• **What is expected**:
Each line below is to be repeated exactly; any picture is to be left out.

• **Collected material**:
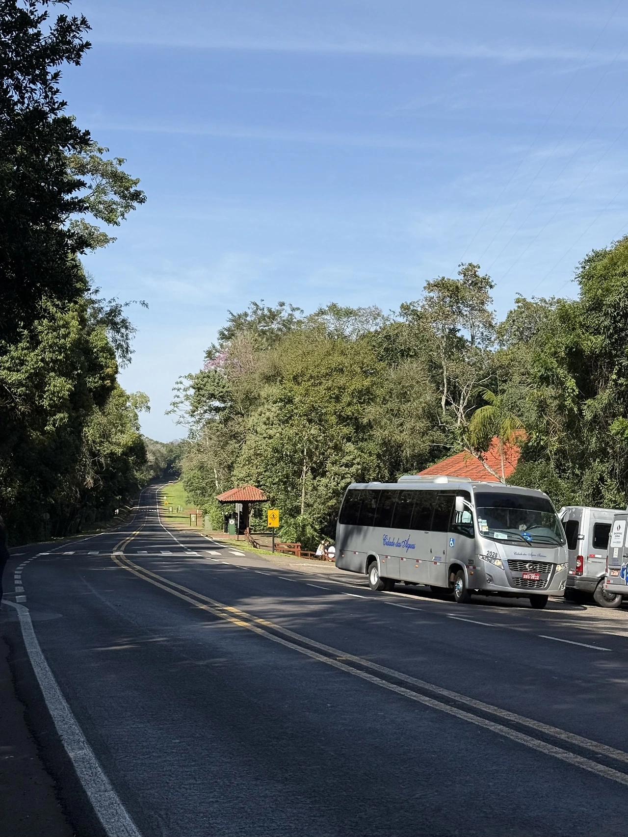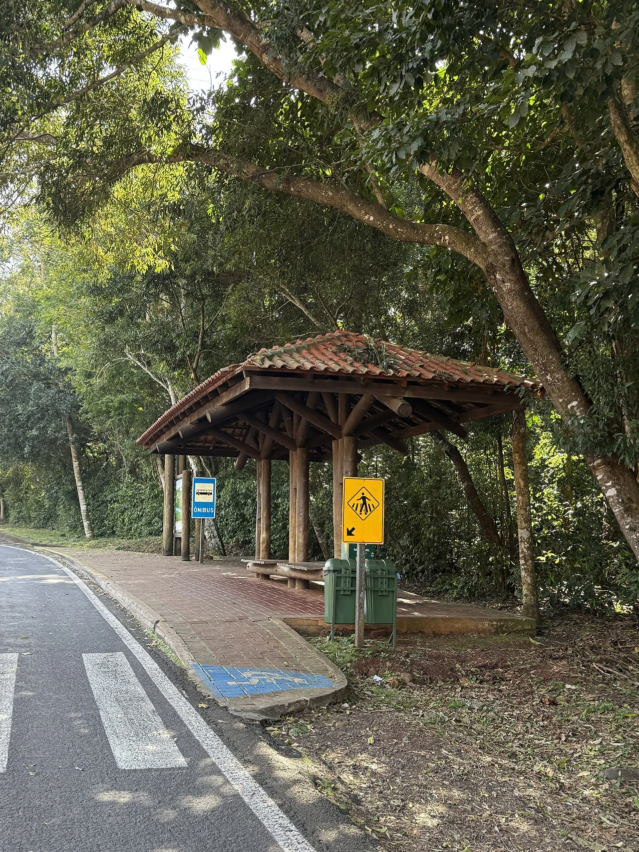 직원의 안내에 따라 버스를 타고 한 정거장 뒤의 다음 정류장에서 내렸다. 버스 정류장 바로 옆에는 트레킹 코스의 입구처럼 보이는 길이 있었고, 직원으로 보이는 할아버지 한 분이 계셨다. 할아버지는 나에게 어디를 가고 싶냐고 물어보셨다. 할아버지는 영어를 못 하셨다. 숲이라 그런지 데이터가 잘 안 터져서 번역 어플도 사용할 수 없었다. 혹시 하는 마음에 스페인어 몇 단어를 날렸는데 이해하셨다. 스페인어와 포르투갈어가 비슷한 표현이 많다고 하는데 인사말만 비슷하지 단어는 다른 게 너무 많았다. 할아버지가 스페인어를 조금 아시는 분인 거 같았다. 하지만 내가 스페인어로 말하면 이해는 하시지만 내가 이해할 만한 단어로는 말하지 못하셨다. 할아버지는 포르투갈어로 말하고 나는 스페인어로 말하는 이상한 장면이 펼쳐졌다. 지금 생각해도 이게 뭔가 싶은데 소통이란 건 어떻게든 서로 이해해보고자 하는 마음에서 비롯되는 게 아닌가 싶다. 내가 이과수 폭포를 보고 싶다는 말에 할아버지는 여기가 아니라 반대쪽으로 가야 한다고 하셨다.
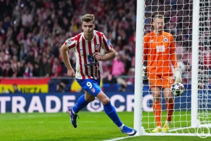 Penyerang Atletico Madrid, Alexander Sorloth (kiri) mencetak gol keduanya dalam pertandingan leg kedua playoff Liga Champions 2025/26 lawan Club Brugge di Metropolitano pada Selasa (24/2). (BP/Dok. UEFA.com)
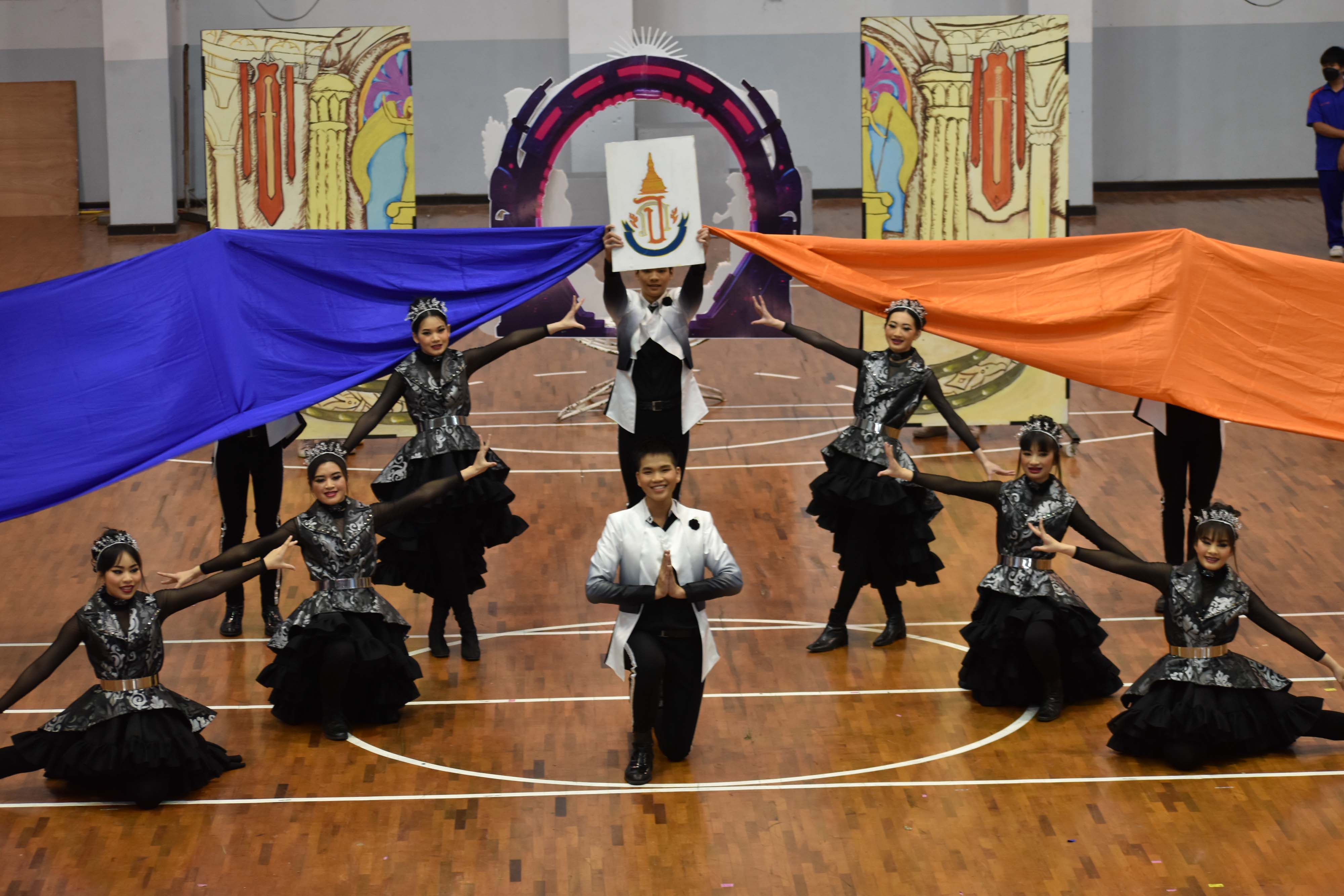 การแสดงเชียร์ลีดเดอร์รวมสีระหว่างสีฟ้าและสีแดง

• **Your response**:
 직원의 안내에 따라 버스를 타고 한 정거장 뒤의 다음 정류장에서 내렸다. 버스 정류장 바로 옆에는 트레킹 코스의 입구처럼 보이는 길이 있었고, 직원으로 보이는 할아버지 한 분이 계셨다. 할아버지는 나에게 어디를 가고 싶냐고 물어보셨다. 할아버지는 영어를 못 하셨다. 숲이라 그런지 데이터가 잘 안 터져서 번역 어플도 사용할 수 없었다. 혹시 하는 마음에 스페인어 몇 단어를 날렸는데 이해하셨다. 스페인어와 포르투갈어가 비슷한 표현이 많다고 하는데 인사말만 비슷하지 단어는 다른 게 너무 많았다. 할아버지가 스페인어를 조금 아시는 분인 거 같았다. 하지만 내가 스페인어로 말하면 이해는 하시지만 내가 이해할 만한 단어로는 말하지 못하셨다. 할아버지는 포르투갈어로 말하고 나는 스페인어로 말하는 이상한 장면이 펼쳐졌다. 지금 생각해도 이게 뭔가 싶은데 소통이란 건 어떻게든 서로 이해해보고자 하는 마음에서 비롯되는 게 아닌가 싶다. 내가 이과수 폭포를 보고 싶다는 말에 할아버지는 여기가 아니라 반대쪽으로 가야 한다고 하셨다.
 Penyerang Atletico Madrid, Alexander Sorloth (kiri) mencetak gol keduanya dalam pertandingan leg kedua playoff Liga Champions 2025/26 lawan Club Brugge di Metropolitano pada Selasa (24/2). (BP/Dok. UEFA.com)
 การแสดงเชียร์ลีดเดอร์รวมสีระหว่างสีฟ้าและสีแดง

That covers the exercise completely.